Exercise instructions:
Verbatim copy, images omitted: return the full listing.

Given data:
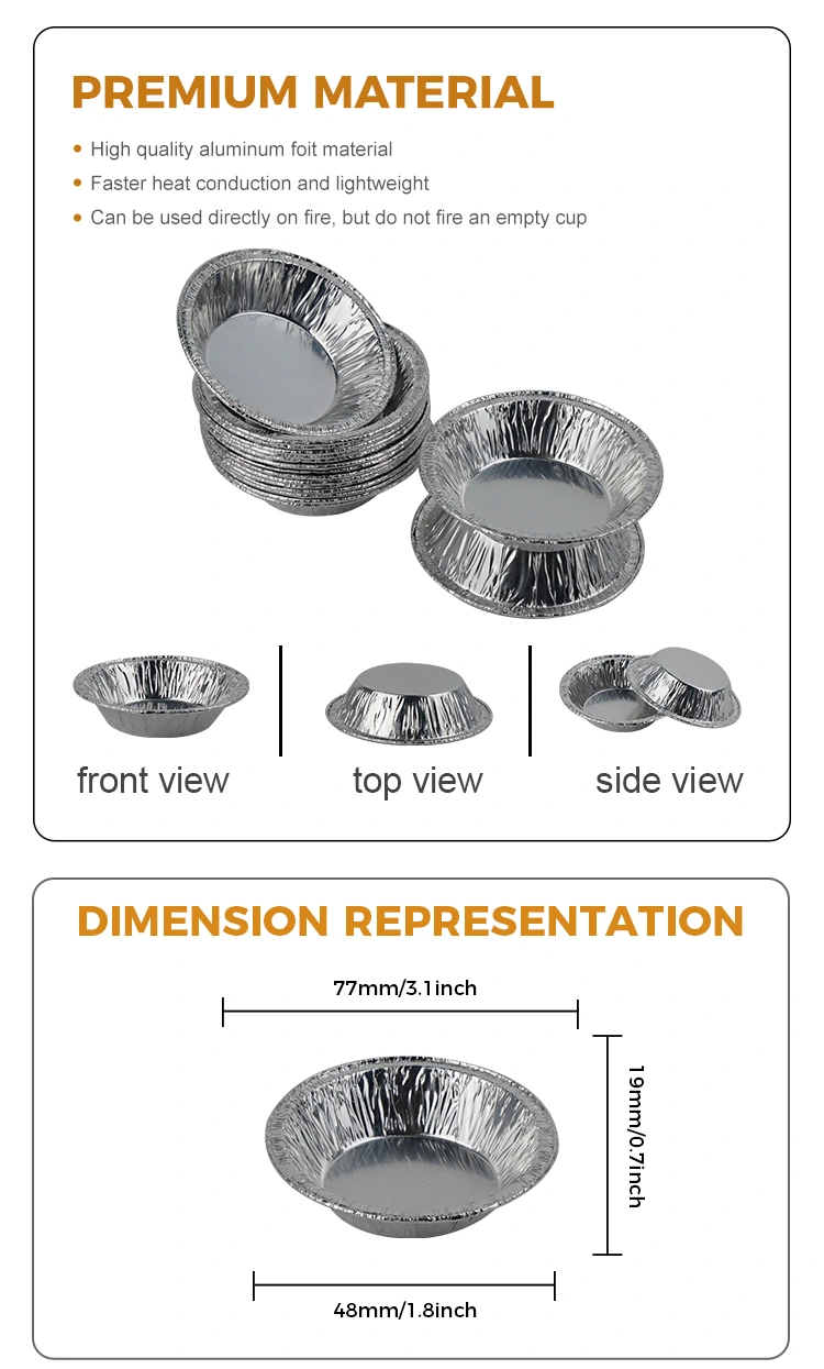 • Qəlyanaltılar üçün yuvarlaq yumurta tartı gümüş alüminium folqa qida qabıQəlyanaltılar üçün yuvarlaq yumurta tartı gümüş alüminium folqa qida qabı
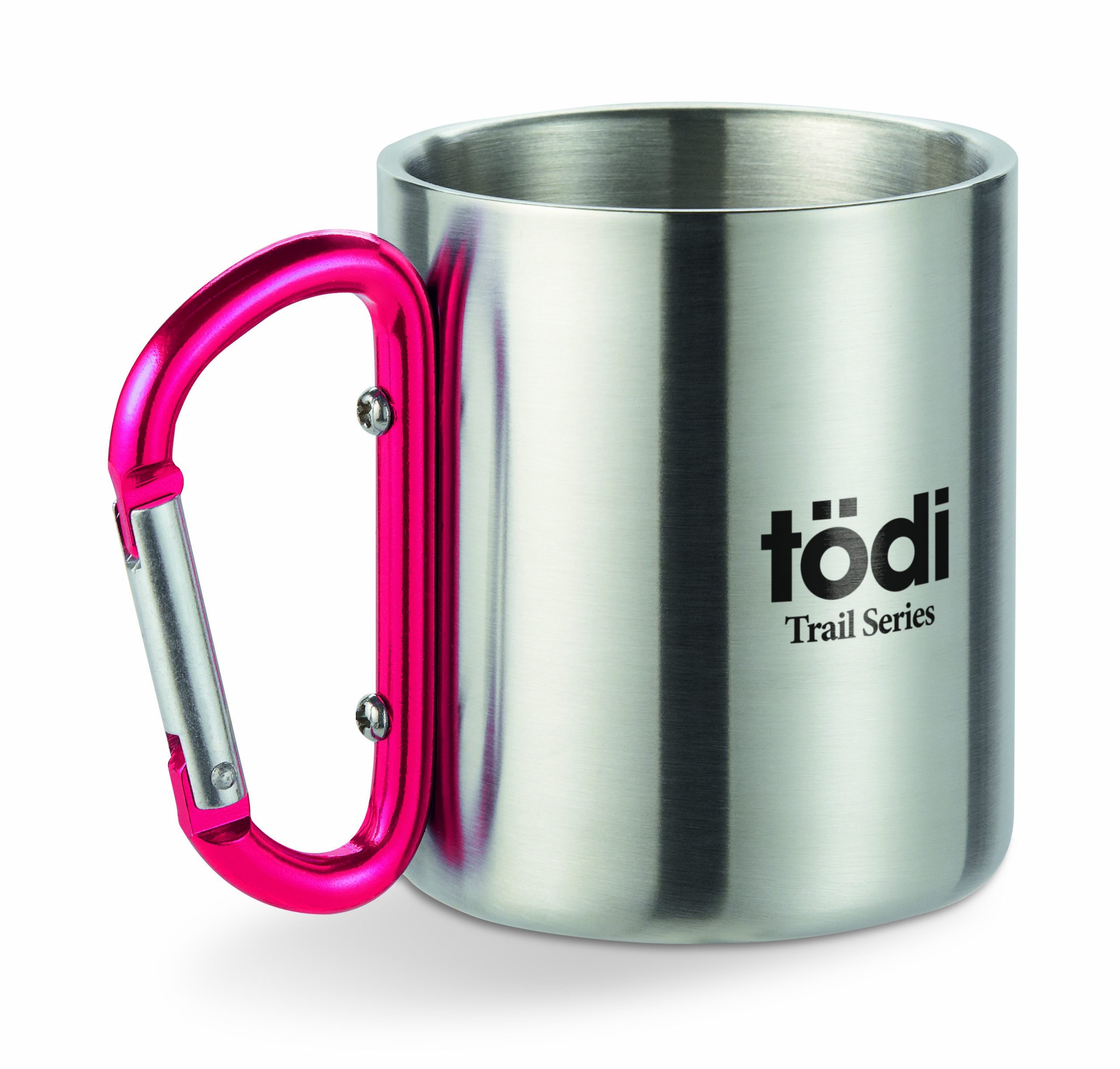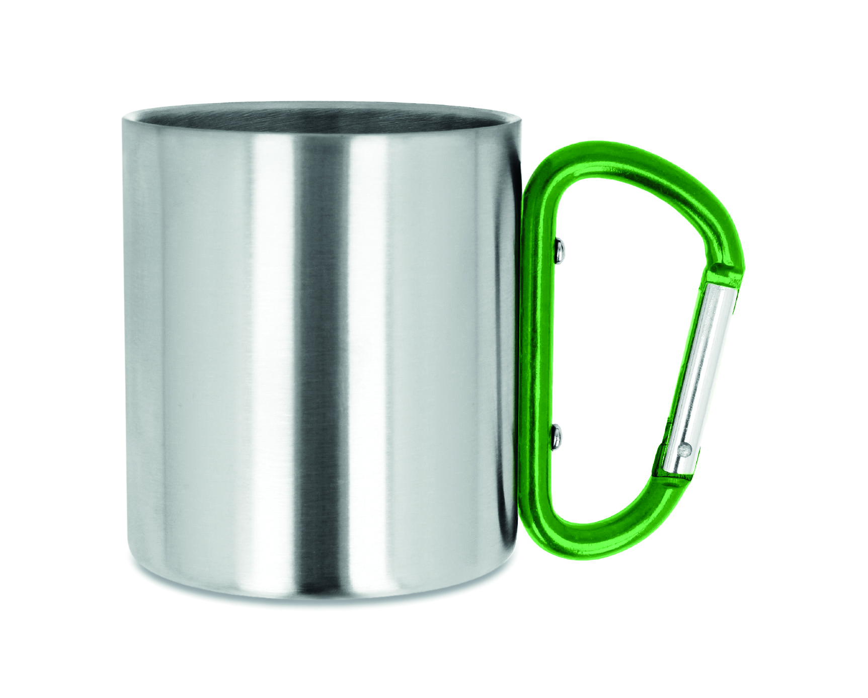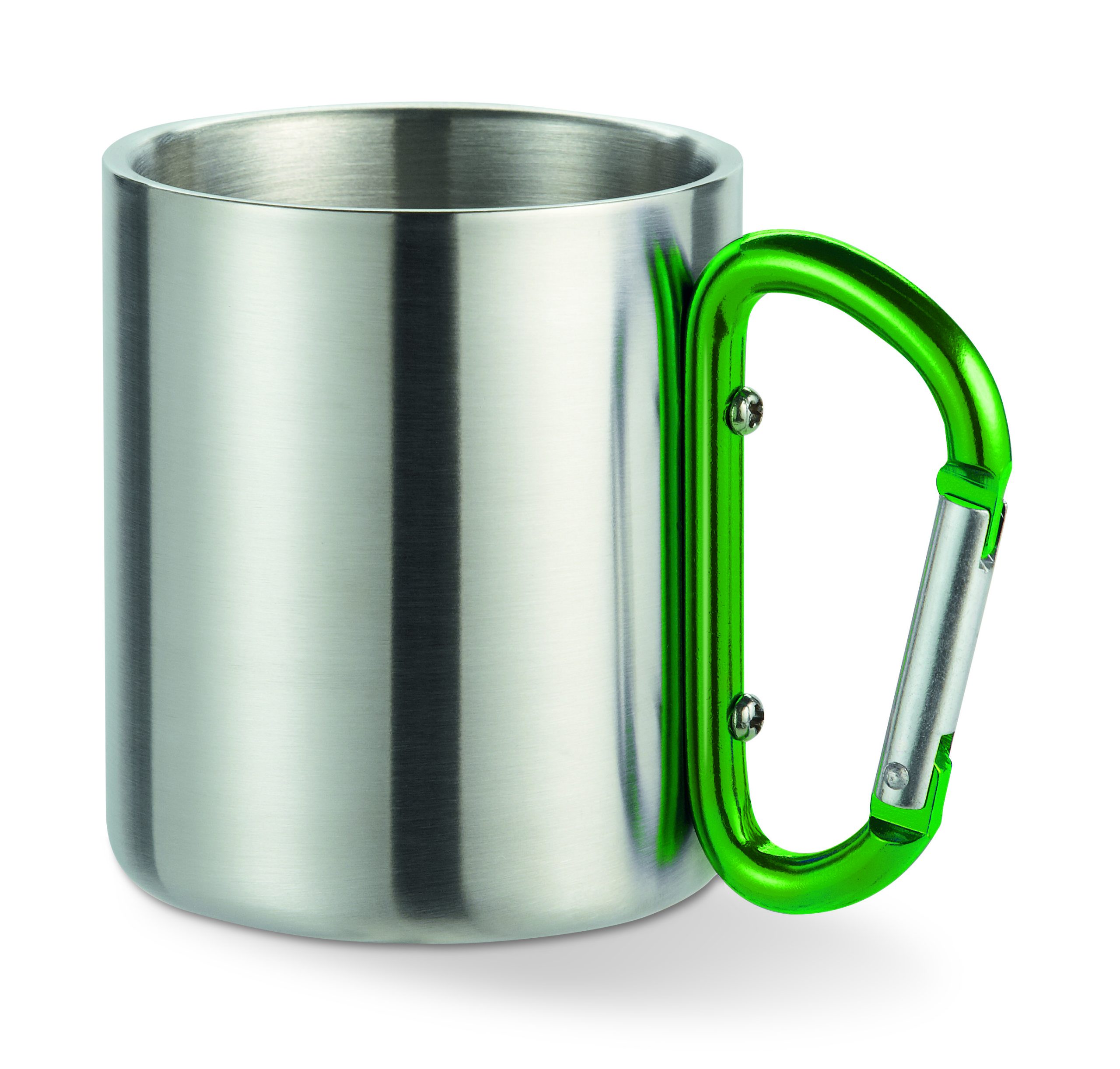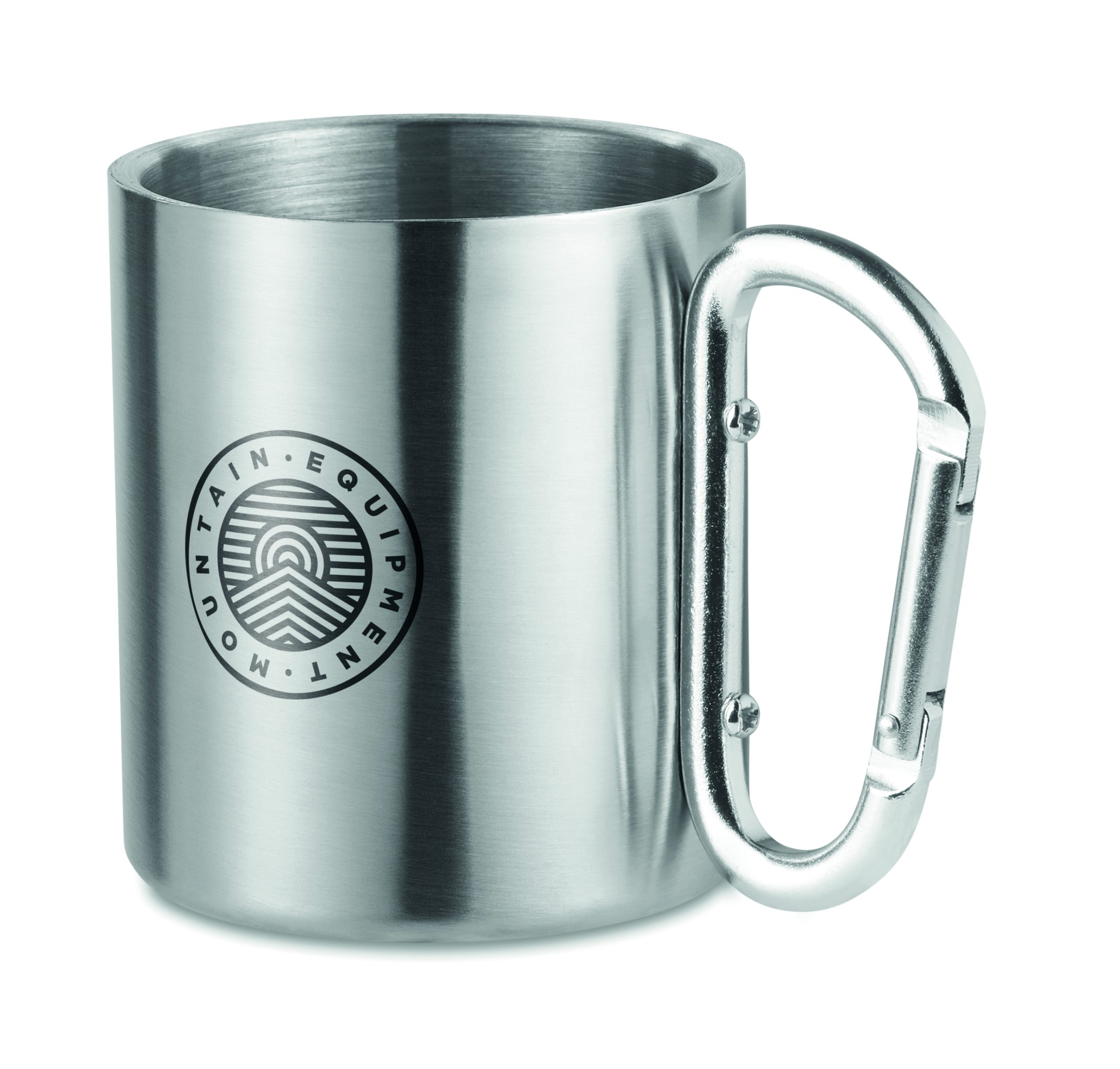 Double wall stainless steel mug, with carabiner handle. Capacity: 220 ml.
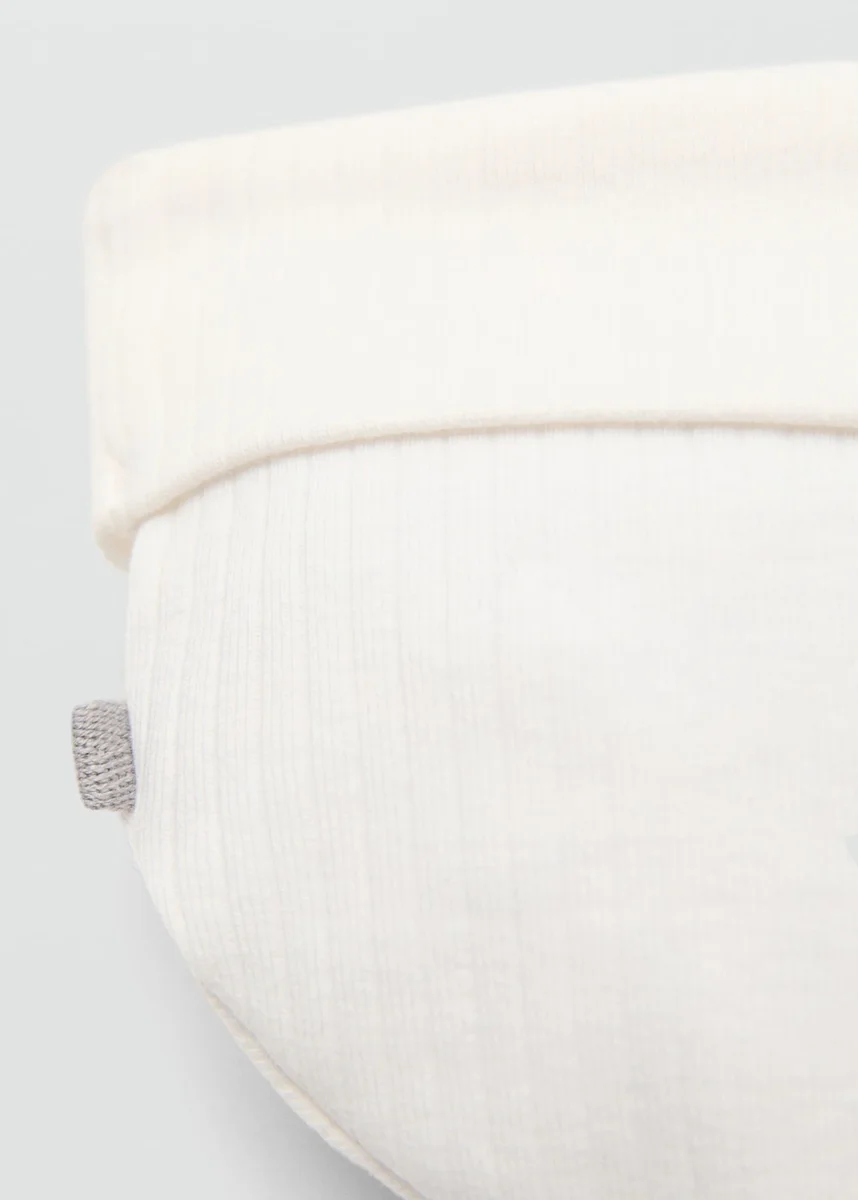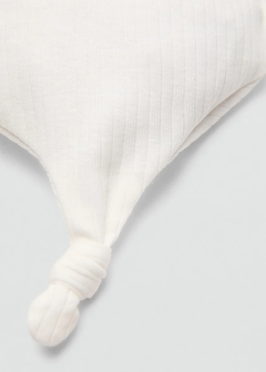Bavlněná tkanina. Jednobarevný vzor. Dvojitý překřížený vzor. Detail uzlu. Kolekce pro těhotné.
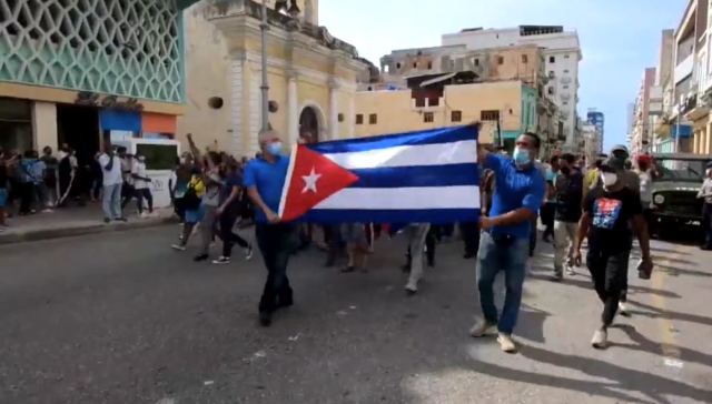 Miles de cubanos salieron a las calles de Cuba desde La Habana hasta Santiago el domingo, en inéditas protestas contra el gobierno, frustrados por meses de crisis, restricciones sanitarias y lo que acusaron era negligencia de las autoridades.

Written answer:
 • Qəlyanaltılar üçün yuvarlaq yumurta tartı gümüş alüminium folqa qida qabıQəlyanaltılar üçün yuvarlaq yumurta tartı gümüş alüminium folqa qida qabı
 Double wall stainless steel mug, with carabiner handle. Capacity: 220 ml.
Bavlněná tkanina. Jednobarevný vzor. Dvojitý překřížený vzor. Detail uzlu. Kolekce pro těhotné.
 Miles de cubanos salieron a las calles de Cuba desde La Habana hasta Santiago el domingo, en inéditas protestas contra el gobierno, frustrados por meses de crisis, restricciones sanitarias y lo que acusaron era negligencia de las autoridades.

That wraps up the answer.